After the recent afternoon rains in the National DistrictSanto Domingo Oeste and Puerto Platathe geologist engineer Osiris of Leon He assured that these showers are produced by the cumulonimbus cloud that is created vertically and taking the water evaporated from the sea during the afternoon and on warm days.
The clouds that cause the greatest amount of rain where they develop are cumulonimbus, due to their vertical rise, the sea water evaporates and rises, increasing its size, forming a dense and threatening cloud, associated with intense storms, hail, strong winds and, sometimes, tornadoes.
These clouds are created in the evening hours on the warmest days and in coastal areas such as the National District, Santo Domingo Oeste, Puerto Plata and La Altagracia; These territories are more prone to the creation of intense torrential rain and flooding due to increasing urbanization.
“Cumulonimbu is a cloud that, in fact, pilots are very afraid of, because it is a cloud that goes up, not to the sides, and then that cloud is always very loaded with water vapor,” he explained.
The academic of the Academy of Sciences of the Dominican Republic He stated that the stagnation of waters in coastal areas of the country is not due to saturation in the soil, but because the drainage is covered by urban planning and has not been adapted to the growing population, which will cause a number of years depending on the rate of passing and climate change to take its course.
“Urban drainage must be multiplied by 4 and 5 to drain up to 125 millimeters of rain per square meter per hour, since it is not that the soils are saturated, as is often repeated, because in reality it is that the primary pores of the coral limestone rock of the National District, Puerto Plata and La Altagracia are blocked by urban planning,” he highlighted to this medium.
He said that, with the growth of urban planning such as buildings, hotels, streets, avenues, sidewalks and parking lots, urban developers did not install alternative secondary drainages to the natural and primary drainages that were blocked. That’s why the rains that flooded the National District, Santo Domingo Oeste and Santo Domingo Nortewhere there are only impermeable clays and loams that prevent rainwater infiltration.

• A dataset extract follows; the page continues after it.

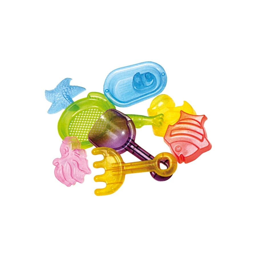 Sachet de 8 jeux de plage multicolores pour enfants. Le sachet inclut moules en forme d'étoile de mer, de poisson, de pieuvre, de canard et de bateau ainsi qu'un tamis, une pelle et un râteau. Votre enfant trouvera plusieurs façons originales de s'amuser.

De León said that torrential rains were falling on Santo Domingo and Puerto Plata, and that they have generated major flooding; They constitute a regional problem that responds to a meteorological pattern altered by climate change that increases global temperature and increases the capacity of the atmosphere to retain water vapor that rises from the neighboring sea during the afternoon hours of intense solar radiation, and that vapor is concentrated vertically upward, facilitating rapid condensation processes in the troposphere, and that is why it rains torrentially, in the same place, as occurred during the early hours of Wednesday, April 8, 2026.
“Because it is very hot, there is a lot of evaporation of seawater because solar radiation acts directly on the surface of the sea,” he said.
The torrential rain in the National District and Santo Domingo Oeste recorded 440 millimeters of rain in less than 7 hours. As an effect of climate change, in the province of Puerto Plata the bridge over the Camú River collapsed, on the town’s tourist highway, near the community of Tubagua, south of Sosúa.
Precautions to avoid flooding
The geological engineer recommended that the authorities maintain 24-hour surveillance of the alert systems, monitoring the Doppler radars and rain gauges to know when the rains in a certain place are reaching the flash flood threshold, and immediately proceed to warn.
“Urban drainage should not continue to depend on sewers designed and built when there was still no talk of climate change. Now we must multiply the capacity of rapid drainage to drain 100 to 150 millimeters of rain per square meter per hour, because today the rains are fast, and in 6 hours the rains that previously fell in 6 months fall, and these variables must necessarily enter into the equation of the solution and the effective response that the population expects,” he expressed.
In addition, he suggested the construction of free underground drainage galleries, French drains, large diameter wells (minimum 2 meters), filled with thick gravel for rapid vertical drainage to the water table.
Also, each new urbanization project must present a sectoral storm drainage system prior to its approval by the municipal chapter house and by the Ministry of Housingtaking advantage of the topographically lowest portion of the sector as a drainage area.
In order for building developers to improve construction quality, he suggested that they provide flood certificates that have a policy against subsidence. In the case of areas already affected, mark them so that the corresponding measures can be taken.